DriveSure Data Break

DriveSure can be described as training system that helps car dealerships to build consumer loyalty. It has numerous customers that subscribe to it is training and course material. They provide their brands, addresses, cell phone numbers and electronic mails to the internet site.

In 12 , 2020, DriveSure suffered an information breach which lead to 26GB of private information staying downloaded and distributed on a cracking forum. This kind of included 3 or more. 6 mil unique email addresses, names, phone numbers and physical addresses. Vehicle information was also uncovered including makes, models, VIN numbers and odometer readings.

The online hackers made the DriveSure data available for free of charge on multiple hacking discussion boards, so it was freely accessible to any person. The attackers dumped a 22GB folder which in turn contained DriveSure’s MySQL databases, revealing 91 sensitive databases.

PII was contained in the dump, along with damage statements, extended car details and dealer and warranty facts. These were almost all prime just for exploitation by simply other menace actors.

Over 93, 000 bcrypt hashed passwords were also made public.
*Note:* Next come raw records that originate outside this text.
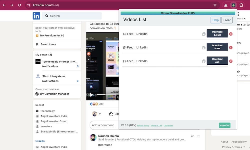If you use Google Chrome browser, Video Downloader Plus is a good extension for downloading videos. This Chrome extension supports almost all websites including LinkedIn. It automatically detects the video on the page and provides a link to download it. It supports Facebook, X, LinkedIn, Twitch, Vimeo, Dailymotion, and more. After you have Installed the Chrome extension, start browsing Linkedin on the browser. Whenever you find a video on Linkedin, this extension will add a link to download the video.
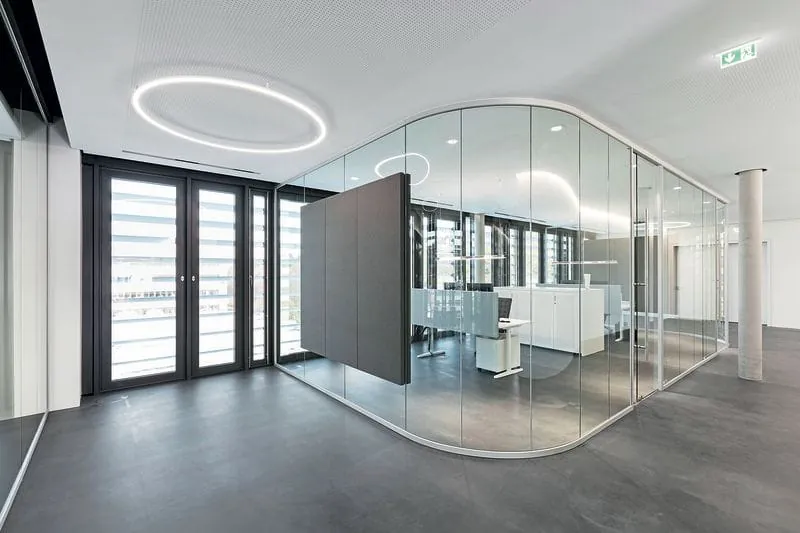 Die Nurglas-Konstruktion Fecoplan von der Feco-Federle GmbH, einem Systemtrennwandhersteller in Karlsruhe, unterstützt diese transparente Wirkung. Die als offene Bürolandschaft konzipierte Arbeitsumgebung gliedern eingestellte Glaskörper. Die zum Teil gebogenen Glaswände scheinen in das Raumgefüge förmlich hineinzufließen. Die Türen sind als beidseitig wandbündige Holz-Türelemente mit verdeckt liegenden Türzargen und Bändern ausgeführt.
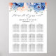 Navy blue blush pink floral wedding seating chart featuring elegant bouquet of navy blue, royal blue , white , blush garden rose, hydrangea, and sage green eucalyptus leaves. Please contact me for any help in customization or if you need any other product with this design.
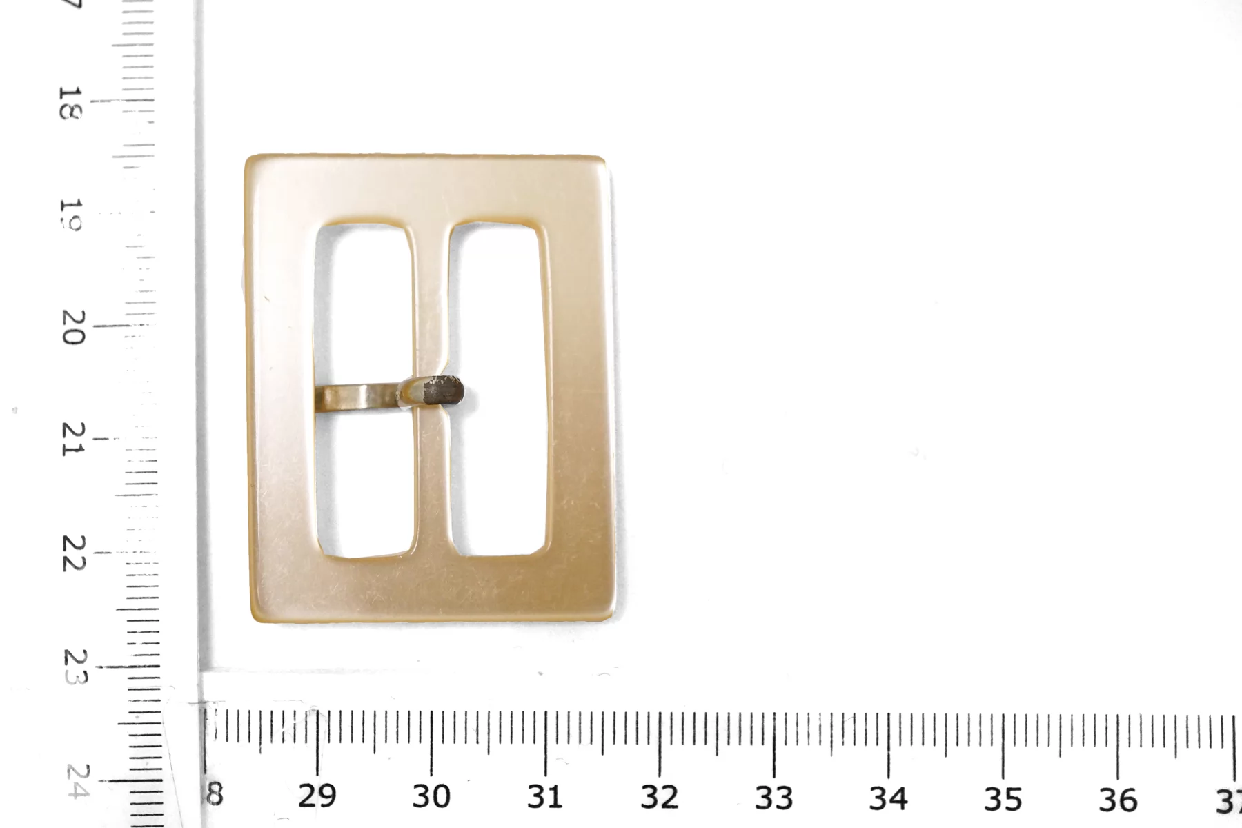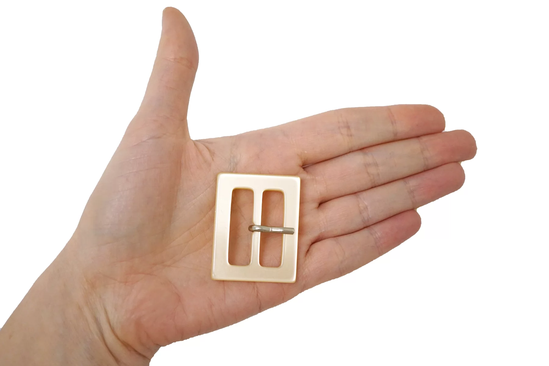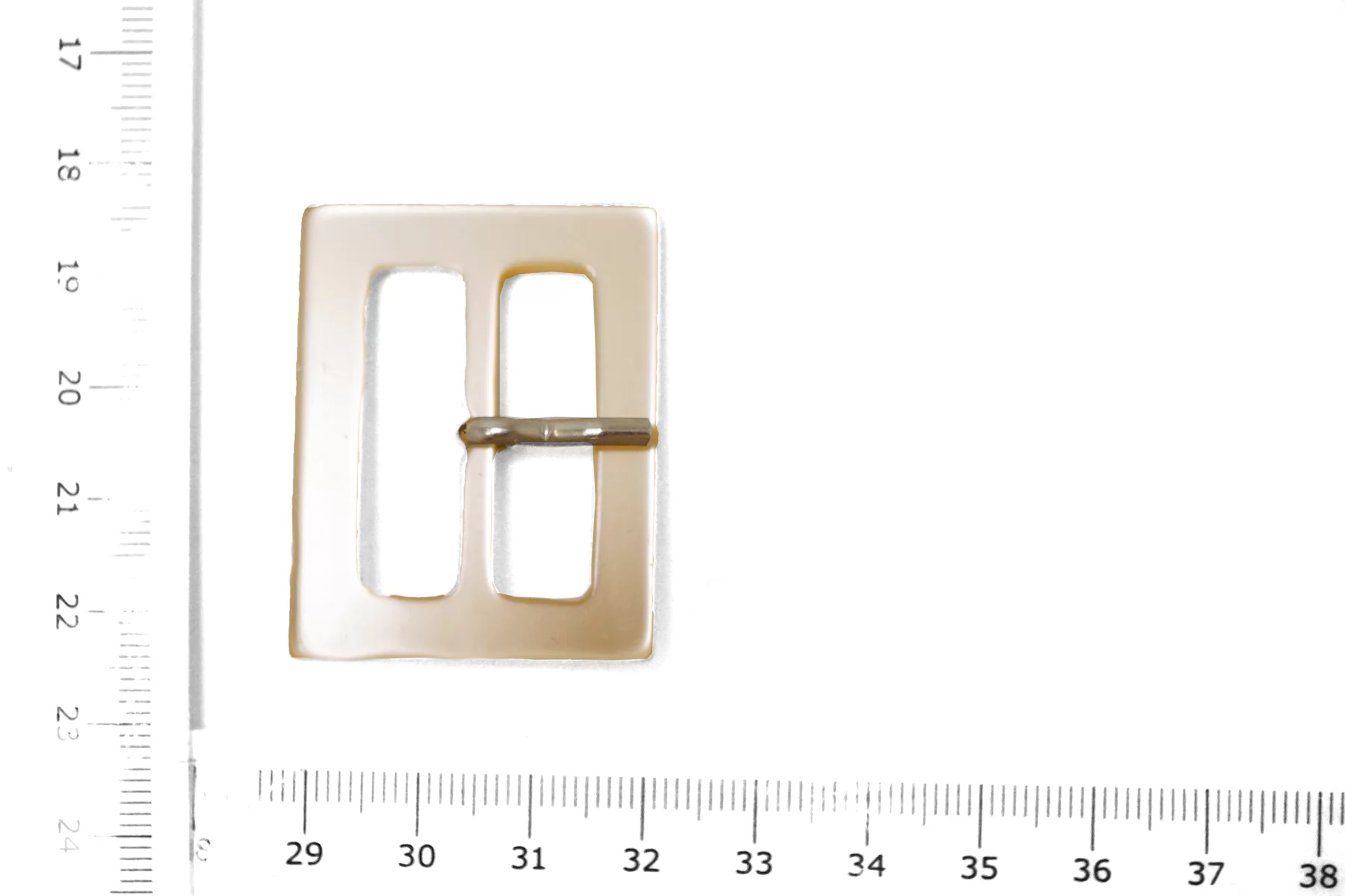 Пряжка прямоугольная из пластмассы, светлого персикового цвета с перламутром . Внутренний размер (для ремешка) - 30 мм.

Although stronger than SHA1 and MD5, bcrypt passwords can easily still be brute-forced when downloaded from a server, Risk Based Protection explained.

Using a poor password can allow a great attacker of stealing your data from the storage space, so it’s important to modification them immediately. In addition , it’s a good idea to wipe the hard drive on your computer before disposing of it to avoid any data from currently being accidentally or perhaps maliciously revealed. You can do this through a data devastation plan or setting up a fresh installation of the os.

Leave a Comment

Your email address will not be published.